■ **ASSIGNMENT**
Copy out every record below exactly as written, but leave out any pictures.

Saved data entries
○ ○ ○ ○ ○ ○ ○
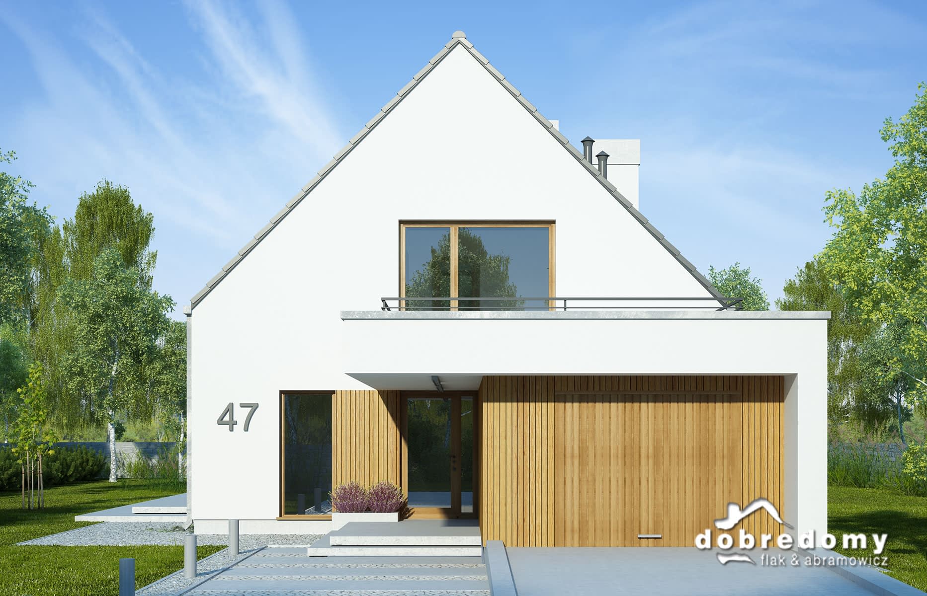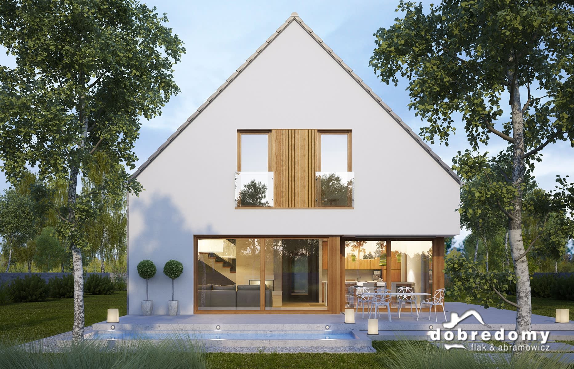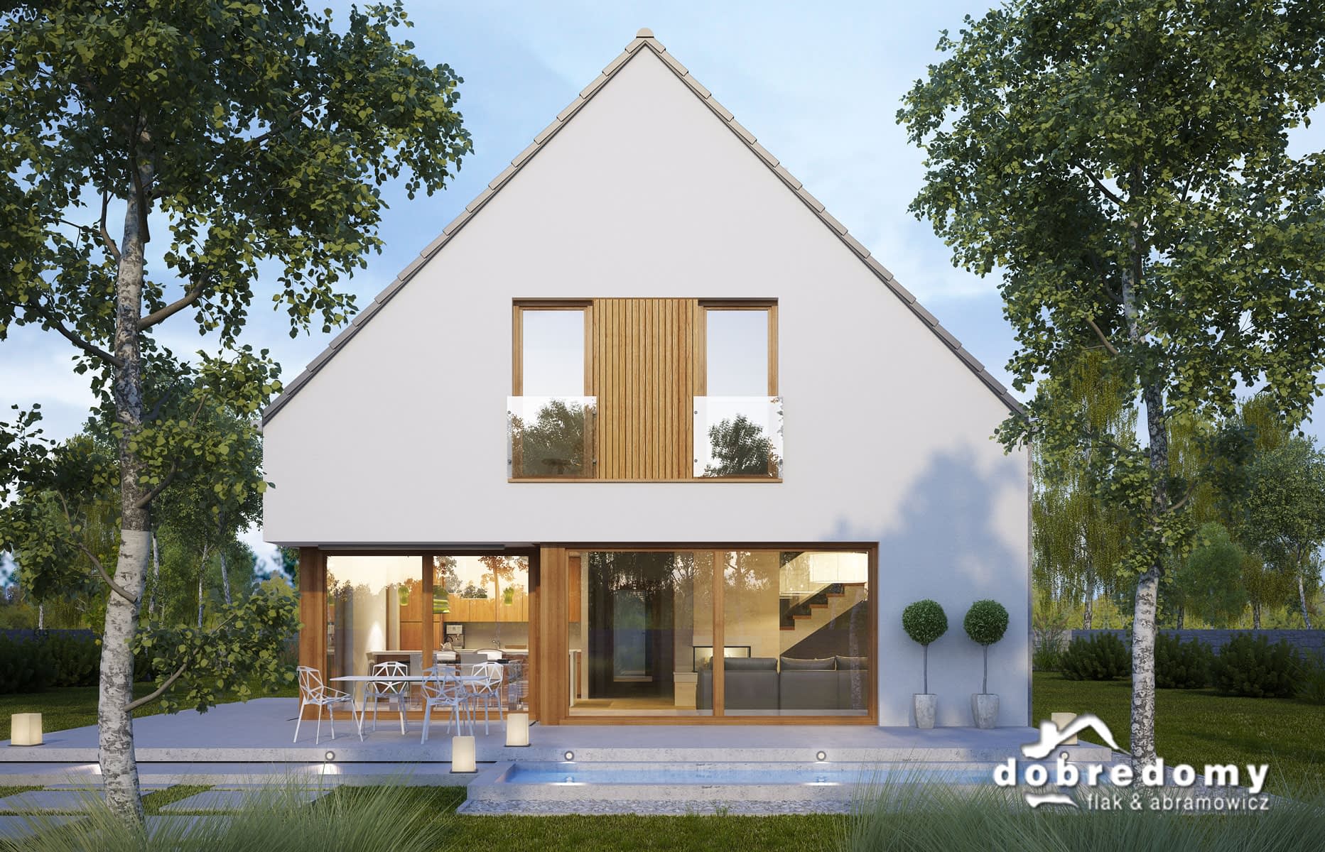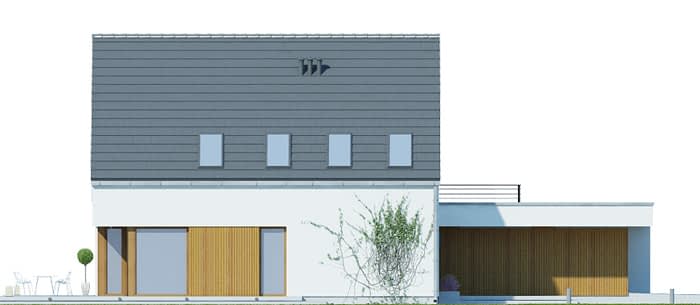 Elewacje - tynk strukturalny w systemie ociepleń Termo Organika oraz okładziną drewnianą. W projekcie zastosowano okna dachowe marki FAKRO. Pokrycie dachu - dachówka ceramiczna lub cementowa CREATON.
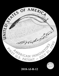 2018-AI-R-12 features an artist’s conception of the first patent that was issued on July 31st, 1790. President George Washington, whose signature is boldly depicted below, has just signed the document as noted by the quill pen. The design also features the inscriptions "United States of America," "American Innovators," and "First U.S. Patent – July 31, 1790."
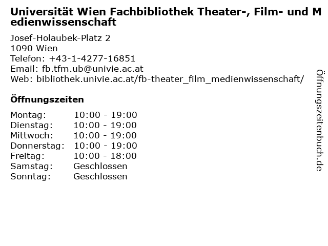 Branchen & Suchbegriffe zu Universität Wien Fachbibliothek Theater-, Film- und Medienwissenschaft:bibliothek, buch, buchscanner, fachbibliothek, film, literaturen, medienwissenschaft, sprachen, theater, universität, wien |
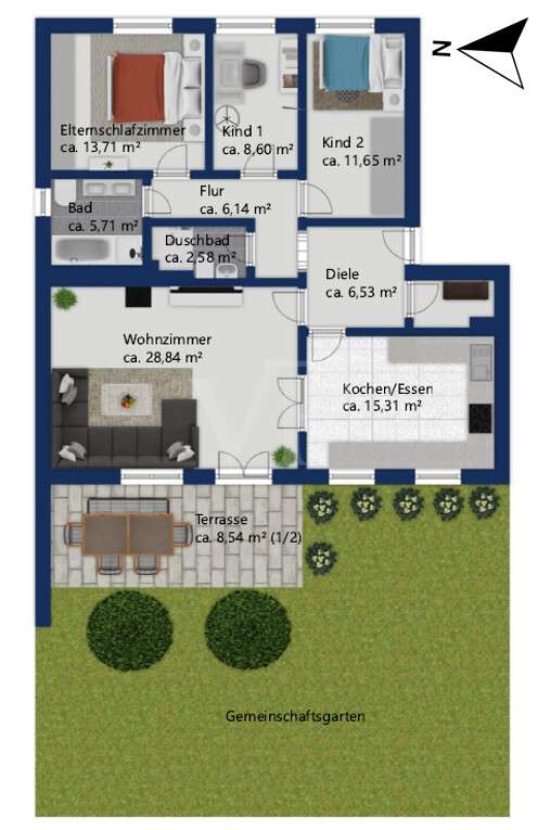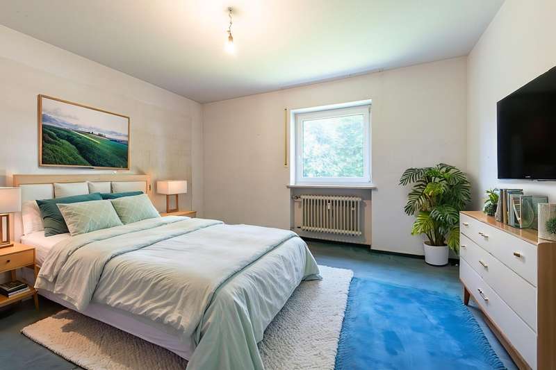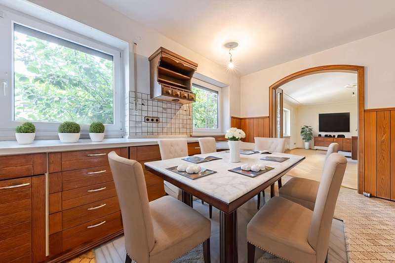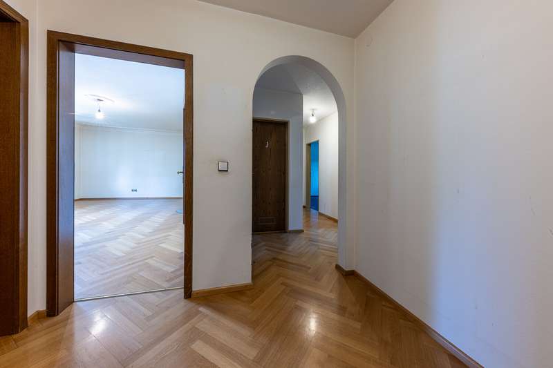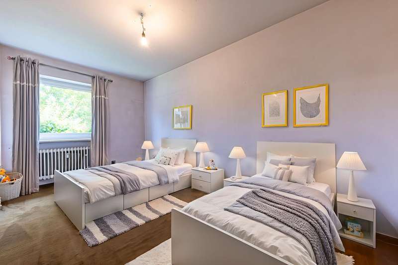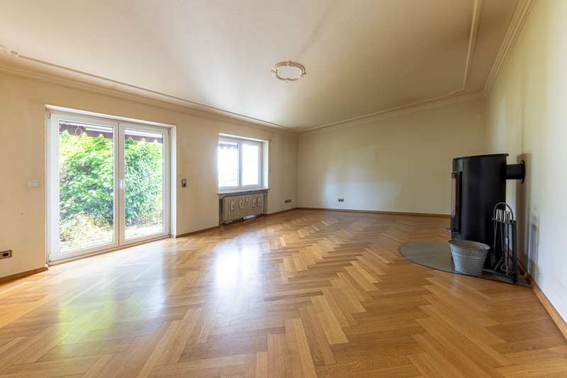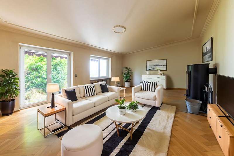 This bright 4-room apartment awaits you in the middle of a well-kept residential complex. Perfect for small families, couples with space requirements or anyone who values a comfortable floor plan and a cozy ambience. As soon as you enter the apartment, you are greeted by an inviting hallway with enough space for a wardrobe. Slightly set back is a practical storage room, which is ideal for household utensils or supplies. In the fitted kitchen, wooden fronts meet classic retro-style wall tiles and an impressive double door provides access to the spacious living room. This impresses not only with its brightness and elegant parquet flooring, but also with a timeless Swedish stove. It gives the room a cozy feel and makes it the perfect place for relaxing evenings with family and friends. From here, the path leads directly to the sunny terrace with a view of the communal garden. Whether it's breakfast outdoors or a glass of wine in the evening - here you can enjoy the peace and quiet and the well-kept living environment. In addition to the main bathroom with shower, bathtub, WC and washbasin, the apartment has a separate guest bathroom. The spacious master bedroom, a bright children's room and a further room, which is perfect as an office, hobby room or guest room, offer plenty of space. Every member of the family will find their own retreat here. The offer is rounded off by a separate cellar compartment for additional storage space, a private underground parking space, a hobby room, a bicycle cellar and a laundry drying room. See this spacious apartment for yourself and arrange your viewing today.
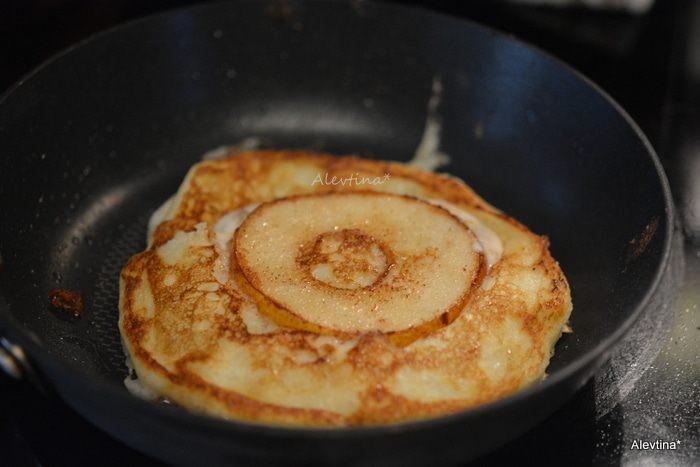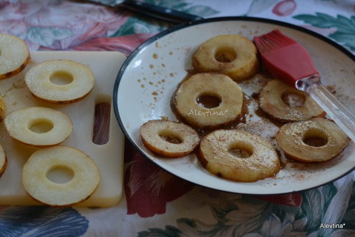В небольшом блюде смешать кленовый сироп с корицей. Выложить грушевые кольца в сироп. Смазать с обеих сторон с сиропом каждое кольцо.
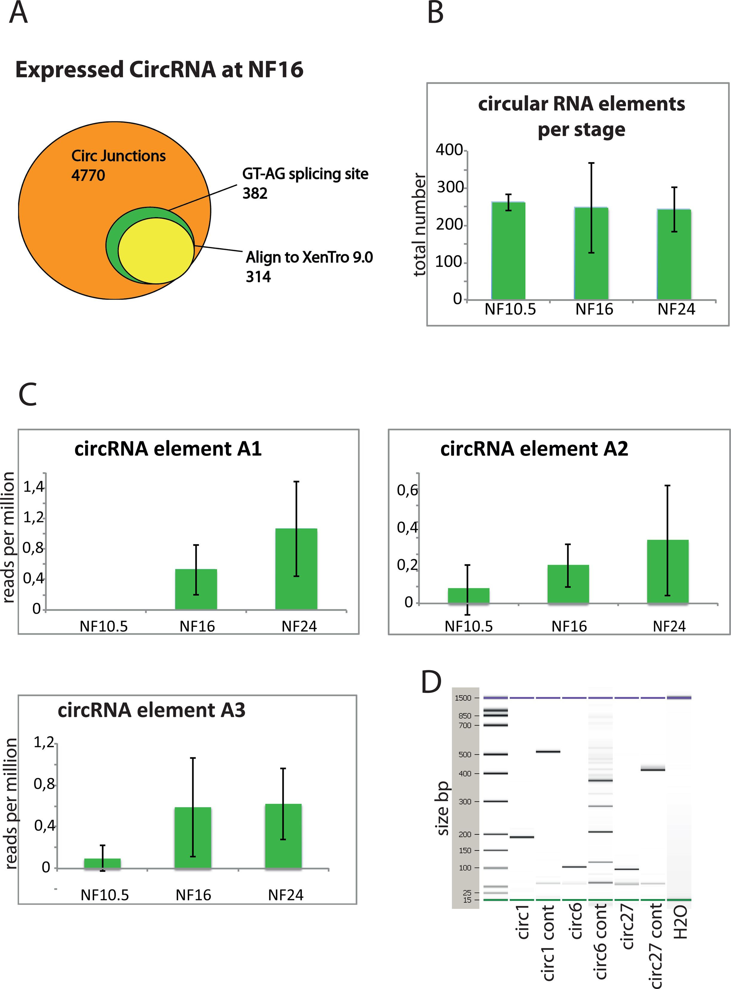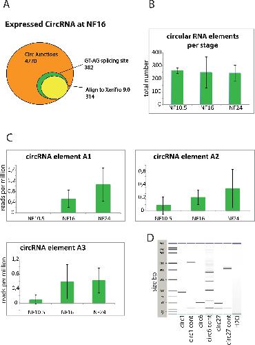 Figure 7. Analysis of circular RNAs. (A) Graphical representation of the filtered circular junctions from one single NF16 AC biological sample. (B) Total number of circRNAs detected in each developmental stage, error bars represent standard deviation. (C) Three examples of circRNAs that accumulate during the developmental timecourse. (D) Bioanalyzer gel of specific PCR-amplified circRNAs (highlighted in Supplementary Table S8). Each element has been amplified with a specific pair of primers, resulting in the predicted amplicon size (circ1 = 188bp, circ6 = 100bp and circ27 = 93bp) and a control reverse-complement primer pair, labelled as ‘cont’, which is expected to produce larger or multiple amplicons. |
○ ○ ○ ○ ○ ○ ○
■ **YOUR SOLUTION**
 Elewacje - tynk strukturalny w systemie ociepleń Termo Organika oraz okładziną drewnianą. W projekcie zastosowano okna dachowe marki FAKRO. Pokrycie dachu - dachówka ceramiczna lub cementowa CREATON.
 2018-AI-R-12 features an artist’s conception of the first patent that was issued on July 31st, 1790. President George Washington, whose signature is boldly depicted below, has just signed the document as noted by the quill pen. The design also features the inscriptions "United States of America," "American Innovators," and "First U.S. Patent – July 31, 1790."
 Branchen & Suchbegriffe zu Universität Wien Fachbibliothek Theater-, Film- und Medienwissenschaft:bibliothek, buch, buchscanner, fachbibliothek, film, literaturen, medienwissenschaft, sprachen, theater, universität, wien |
 This bright 4-room apartment awaits you in the middle of a well-kept residential complex. Perfect for small families, couples with space requirements or anyone who values a comfortable floor plan and a cozy ambience. As soon as you enter the apartment, you are greeted by an inviting hallway with enough space for a wardrobe. Slightly set back is a practical storage room, which is ideal for household utensils or supplies. In the fitted kitchen, wooden fronts meet classic retro-style wall tiles and an impressive double door provides access to the spacious living room. This impresses not only with its brightness and elegant parquet flooring, but also with a timeless Swedish stove. It gives the room a cozy feel and makes it the perfect place for relaxing evenings with family and friends. From here, the path leads directly to the sunny terrace with a view of the communal garden. Whether it's breakfast outdoors or a glass of wine in the evening - here you can enjoy the peace and quiet and the well-kept living environment. In addition to the main bathroom with shower, bathtub, WC and washbasin, the apartment has a separate guest bathroom. The spacious master bedroom, a bright children's room and a further room, which is perfect as an office, hobby room or guest room, offer plenty of space. Every member of the family will find their own retreat here. The offer is rounded off by a separate cellar compartment for additional storage space, a private underground parking space, a hobby room, a bicycle cellar and a laundry drying room. See this spacious apartment for yourself and arrange your viewing today.
В небольшом блюде смешать кленовый сироп с корицей. Выложить грушевые кольца в сироп. Смазать с обеих сторон с сиропом каждое кольцо.
 Figure 7. Analysis of circular RNAs. (A) Graphical representation of the filtered circular junctions from one single NF16 AC biological sample. (B) Total number of circRNAs detected in each developmental stage, error bars represent standard deviation. (C) Three examples of circRNAs that accumulate during the developmental timecourse. (D) Bioanalyzer gel of specific PCR-amplified circRNAs (highlighted in Supplementary Table S8). Each element has been amplified with a specific pair of primers, resulting in the predicted amplicon size (circ1 = 188bp, circ6 = 100bp and circ27 = 93bp) and a control reverse-complement primer pair, labelled as ‘cont’, which is expected to produce larger or multiple amplicons. |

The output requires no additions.